What would real reform of defense procurement entail? First, we would reform what is being procured. Most current and projected major defense programs are buying weapons and other “systems” that are outdated or simply represent a false understanding of war. We spend tens of billions of dollars on computerized command and control systems that encourage more and more centralization of decision-making. But sound military doctrine calls for decentralized decision-making. The Army’s Future Contract System, the most expensive current Pentagon program, is a Rube Goldbergian, semi-portable Maginot Line that in combat would collapse of its own internal complexity. The J-35 fighter-bomber is another F-111, a flying piano that is useless for the one attack aviation function that really works, supporting ground troops. Only a handful of the ships the Navy wants are useful in coastal waters, where future naval actions are likely to be fought. These and many similar “legacy” systems are military museum pieces, designed for wars with the armies, navies and air forces of other states. Serious defense procurement reform would start by canning all of them.
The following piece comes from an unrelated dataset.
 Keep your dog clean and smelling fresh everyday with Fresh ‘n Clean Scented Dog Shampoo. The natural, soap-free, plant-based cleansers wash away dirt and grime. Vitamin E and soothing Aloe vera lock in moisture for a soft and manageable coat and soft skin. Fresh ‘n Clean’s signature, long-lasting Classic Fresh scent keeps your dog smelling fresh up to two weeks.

Once we figured out what to buy for real wars, another reform would help us buy it at reasonable prices. It is a common tool in private business, called “should cost.” Based on marketplace prices for similar systems and components, we would determine what a given system should cost. Bids would not only be compared with each other but with the “should cost” figure. If all the bids were over the “should cost” figure, we would re-bid or decide to do without the system. Prices would soon come down, especially if at the same time we made it easier for companies that now do no defense work to get into the business.
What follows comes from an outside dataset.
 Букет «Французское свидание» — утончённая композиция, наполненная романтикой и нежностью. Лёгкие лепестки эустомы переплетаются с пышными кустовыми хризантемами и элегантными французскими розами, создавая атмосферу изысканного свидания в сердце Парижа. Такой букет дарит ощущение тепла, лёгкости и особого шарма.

Another simple procurement reform that would turn from state capitalism to the free market is buying off the shelf. When a service identified a need, it would look around the world to see what is available to fill that need. Then we would build it here, under license if it were a foreign design. At present, DOD buys virtually everything by coming up with a wish list, then finding someone to build it. It is as if when you wanted a new car, you came up with a list of everything you wanted in that car, then went to an automobile company and asked them to build it for you. You can imagine what it would cost.

This is just a small sample of real defense procurement reforms. Among the long-time military reformers are people who have studied defense procurement for decades. They have identified many other similar reforms that would make a genuine difference. Of course, that is why none of the reforms they recommend have ever been enacted.

John Boyd used to say, “It is not true the Pentagon has no strategy. It has a strategy, and once you understand what that strategy is, everything it does makes sense. The strategy is, don’t interrupt the money flow, add to it.” That was true before the Obama administration, it will be true while it is in office, and it will still be true when it ends. The people it has appointed to the Pentagon – again, Secretary Gates excepted – know the strategy, benefit from it and will continue it. They will defend it as if their future incomes depended on it, which, of course, they do.

The one wild card that could change everything is the growing probability of national financial collapse. If that happens – or perhaps when it happens – defense procurement will be on the chopping block along with everything else. At that point, reformers’ slogan should be, “Keep the combat units, cut everything else.” If we have a Secretary of Defense strong enough to do that (the bureaucracy will want to do the opposite), we will find that almost everything above the battalion level was waste, fraud and abuse of one sort or another.

WILLIAM S. LIND, expressing his own personal opinion, is Director for the Center for Cultural Conservatism for the Free Congress Foundation.